PTM Ditunda, PJJ di Pesawaran Diperpanjang Sampai Awal Maret

Kadisdikbud Pesawaran Anca Martha Utama/ Rama
Kadisdikbud Pesawaran Anca Martha Utama/ Rama

Pemkab Pesawaran memperpanjang waktu Pembelajaran Jarak Jauh (PJJ) sampai awal Maret 2022.


Dikatakan, Kepala Dinas Pendidikan dan Kebudayaan Pesawaran Anca Martha Utama, semakin tingginya kasus terkonfirmasi positif Covid-19 di kabupaten setempat, pihaknya memutuskan untuk memperpanjang PJJ di Kabupaten Pesawaran.

"Kita tidak mau mengambil resiko kalau memaksakan Pembelajaran Tatap Muka (PTM) kita gelar, karena kita ketahui saat ini kasus terkonfirmasi di Pesawaran sedang tinggi-tingginya, ditambah lagi banyak di beberapa daerah yang anak murid dan guru terpapar Covid-19," kata Anca, Rabu (23/2).

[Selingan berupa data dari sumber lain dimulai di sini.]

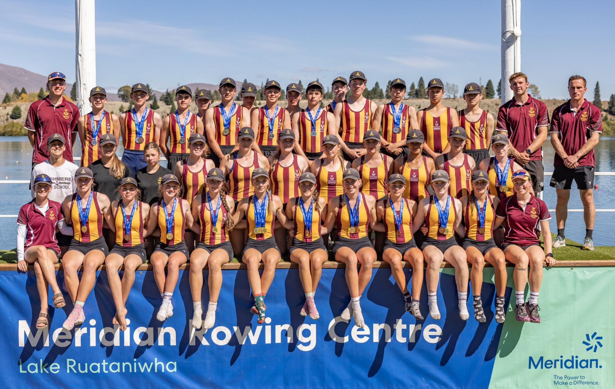 A school record was set with four South Island titles, marking a historic achievement. The team secured the Girls U17 (GU17) Single and Quad titles for the first time ever, successfully defended the GU18 Quad title, and reclaimed the GU15 Double title, last won in 2022.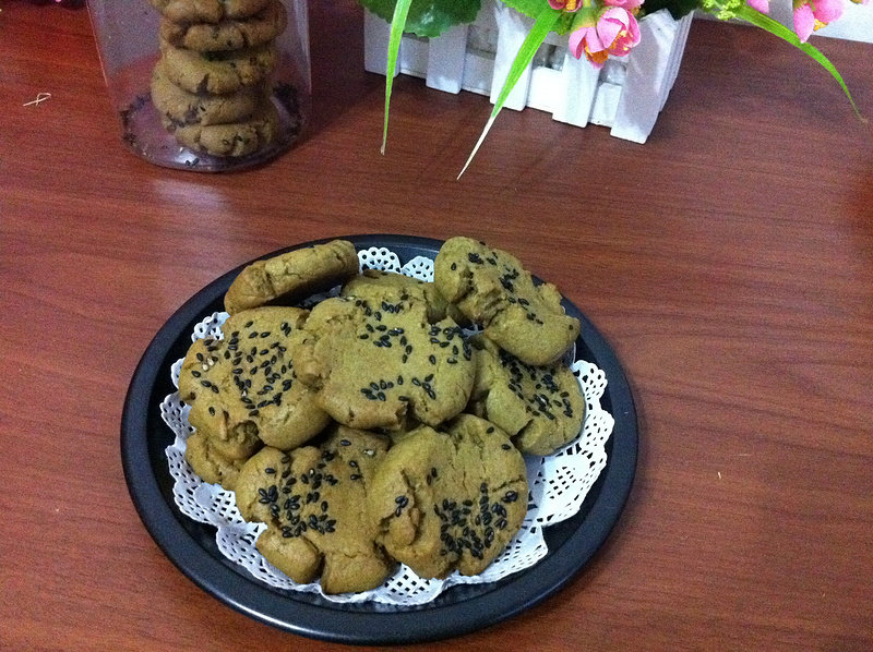 抹茶适量;泡打粉适量;黑芝麻适量;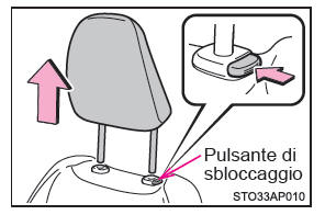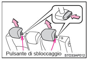 Spingere il poggiatesta verso il basso mentre si preme il pulsante di sbloccaggio.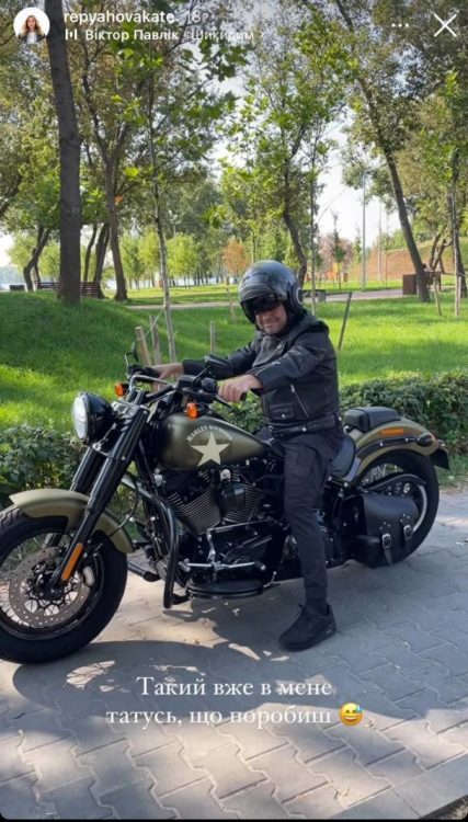 Також кохана Віктора Павліка поділилась кадром, на якому артист сидить на байку. “Такий вже в мене татусь, що поробиш”, – жартівливо підписала світлину Катерина Реп’яхова. Жінка вже давно звикла до критики та хейту. Вона не завжди звертає увагу на неприємні коментарі.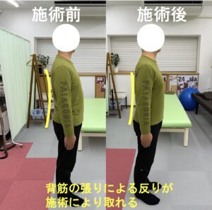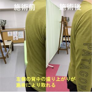 施術前は背中全体が反ったように張り、特に左側の背筋が右より盛り上がっている状態(画像参照)。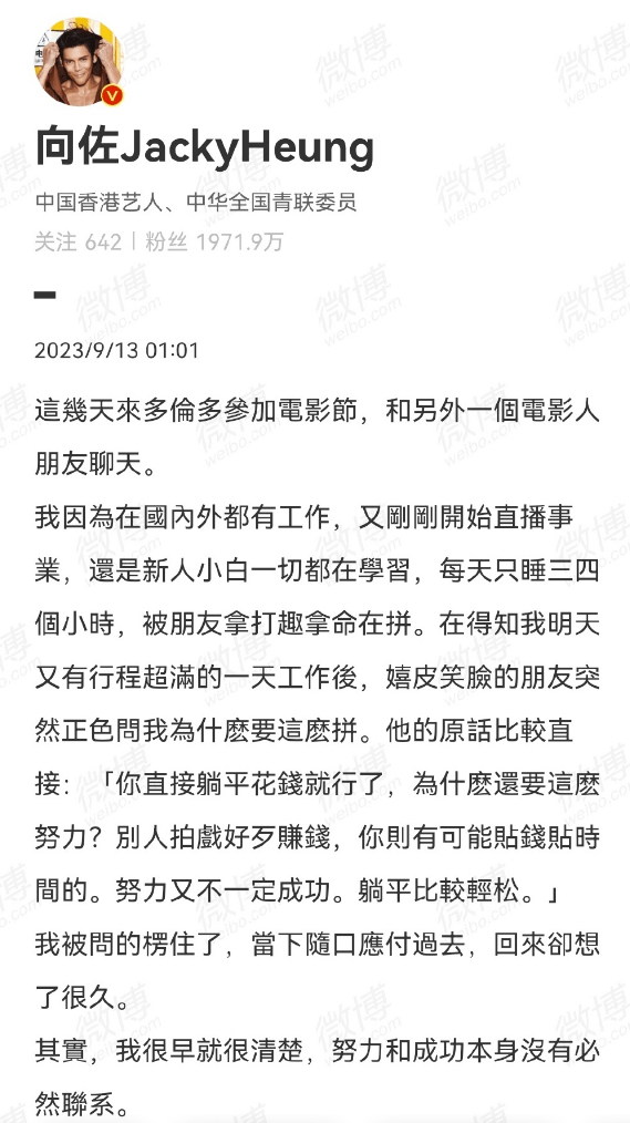 2023年,向佐开始大力搞直播,一天只睡三四小时,朋友说他那么拼命干嘛?直接躺平花钱就好了嘛!别人拼命拍戏好歹为了赚钱,他这贴钱贴时间的,努力又不一定成功,还不如躺平轻松一点。

Dikatakan, pihaknya juga belum bisa memastikan apakah di awal bulan maret mendatang PTM bisa dilakukan atau tidak, tergantung dengan zonasi penyebaran virus yang ada di 11 kecamatan. 

"Kita tunggu saja, apakah di bulan Maret itu kasus sudah turun atau belum, kalau masih tinggi, ya terpaksa PJJ akan kita perpanjang lagi untuk menjaga keselamatan anak murid kita dari paparan virus," ujarnya.

Ia juga mengatakan, kalau untuk persentase vaksinasi anak sekolah, pihaknya mencatat hampir 90 persen sudah divaksin kemudian untuk tenaga pendidik hampir seluruh sudah diberikan vaksin.

"Tenaga pendidik kita sudah semua, hanya saja masih ada beberapa guru yang memiliki penyakit komorbit yang tidak bisa kita lakukan vaksin, kemudian anak-anak murid pun kita sedang melakukan percepatan," kata dia.

Menurutnya, dengan PJJ yang diberlakukan pihaknya mengalami kesulitan untuk memberikan vaksin tahap kedua para anak murid, maka dari itu dirinya memerintahkan setiap sekolah untuk memfasilitasi anak murid yang akan melakukan vaksin tahap kedua di desa-desa. 

"Ditambah, masih ada saja para wali murid yang tidak memperbolehkan anaknya untuk vaksin, makanya kami meminta kepada wali kelas untuk terus memberikan edukasi kepada wali murid dengan cara kekeluargaan," pungkasnya.